# Good point Value?



## me_little_me (Sep 18, 2010)

I did searches but was unable to find this question or an answer. Feel free to point out what I missed.

What is a good point value for AGR points? I don't have a lot of them so I'd like to save them for the most bang for the buck. As a senior, I get 10% discount so I feel sometimes the deal may not be worth it.

What would be considered a "good" value for, say, per 1000 points in dollars for train travel or rooms?

What is the most someone has gotten per 1000 points for train travel or rooms?

Is $10/1000 (penny a point) good?

I fully realize this is based on a minimum number of points for a trip but by looking at the price of a trip and looking at the cost in points, one could come up with a dollar value.


----------



## the_traveler (Sep 18, 2010)

Since you can buy points for 2.75¢ per point, that is the very minimum I would consider to be a good return!




However, I try to get at least 4-5¢ per point value!



Because it does not matter what the bucket is, the point awards are the same, I have gotten a high bucket room a few times - and received over 12¢ per point value!





On some CA routes (1K awards), I have received over 5¢ per point value!

If the point value is under 2.75¢ per point, I would buy a ticket, and earn the points for later!


----------



## jmbgeg (Sep 20, 2010)

the_traveler said:


> Since you can buy points for 2.75¢ per point, that is the very minimum I would consider to be a good return!
> 
> 
> 
> ...


I am in heaven if I can get a deluxe bedroom SPK-LAX or SPK-CHI on an award when only high bucket is available.


----------



## Bigval109 (Oct 11, 2010)

the_traveler said:


> Since you can buy points for 2.75¢ per point, that is the very minimum I would consider to be a good return!
> 
> 
> 
> ...


I'm presently looking at a reward trip that cost $2,000 for a 2 zone bedroom but will cost me 30,000 points one way.

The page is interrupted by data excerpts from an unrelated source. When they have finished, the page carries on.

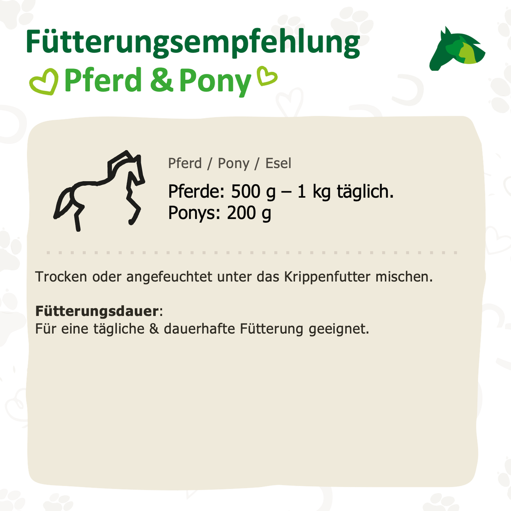 Nehls Pferdefutter ist als Ergänzungsfuttermittel optimal geeignet, kann aber auch als alleiniges Krippenfutter gefüttert werden. Für eine rundum abgestimmte Versorgung empfehlen wir die Kombination mit Nehls Horse Allround Kräuter-Fit.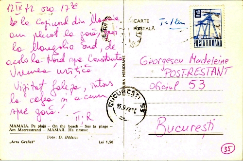 • Descriere: Plaja din Mamaia, plină de vilegiaturiști stând la soare. În plan secund dreapta, apa Mării Negre.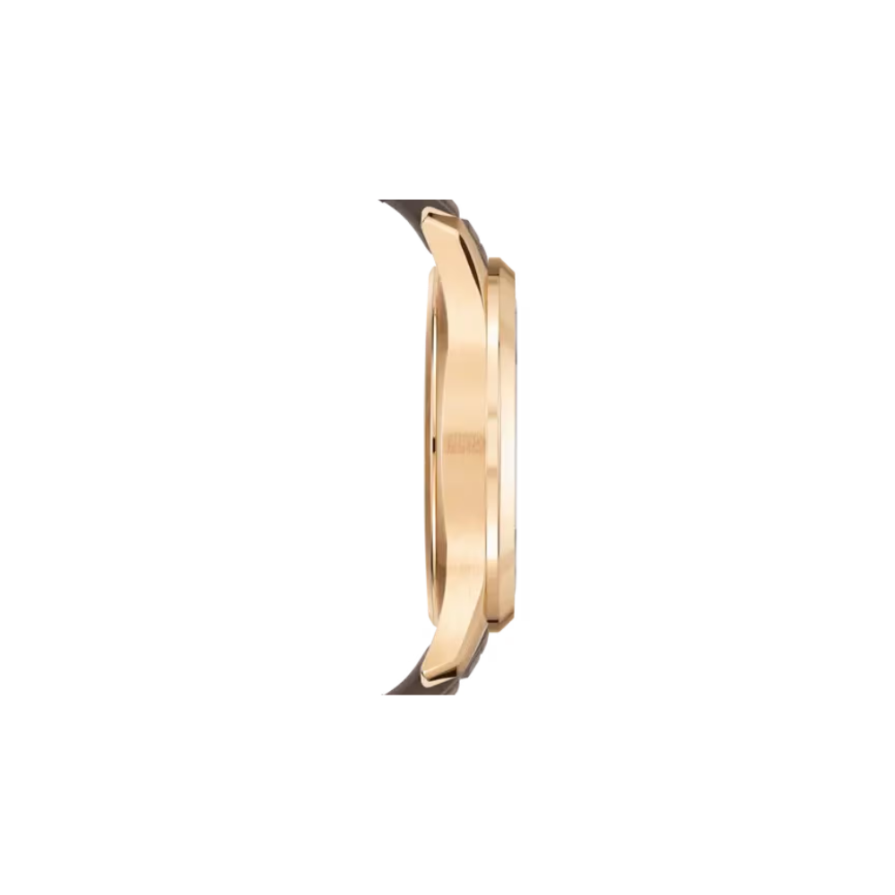 Strap: Chocolate brown composite rubber strap with 18K rose gold fold-over clasp

I haven't done the math but it looked real good to me since I could never afford that trip any other way  Plus with the 5% rebate in points, that will take off about 1,500 points of the cost  Can someone do the math for me or tell me how to compute the point value.  I keep coming up with 8250 and I don't know what I did wrong :wacko:


----------



## abcnews (Oct 11, 2010)

$2,000 divided by 30,000 = $0.0667 per point, or about 7 cents per point, which is about $70 per 1,000 points, or $700 for 10,000.

*Actually, $2,000 divided by 28,500 = 7 cents per point. (AGR Chase Master Card discount).

Good return...


----------



## Rail Freak (Oct 11, 2010)

That would = $1050 PER (ROOMETTE) ZONE ?????

rf


----------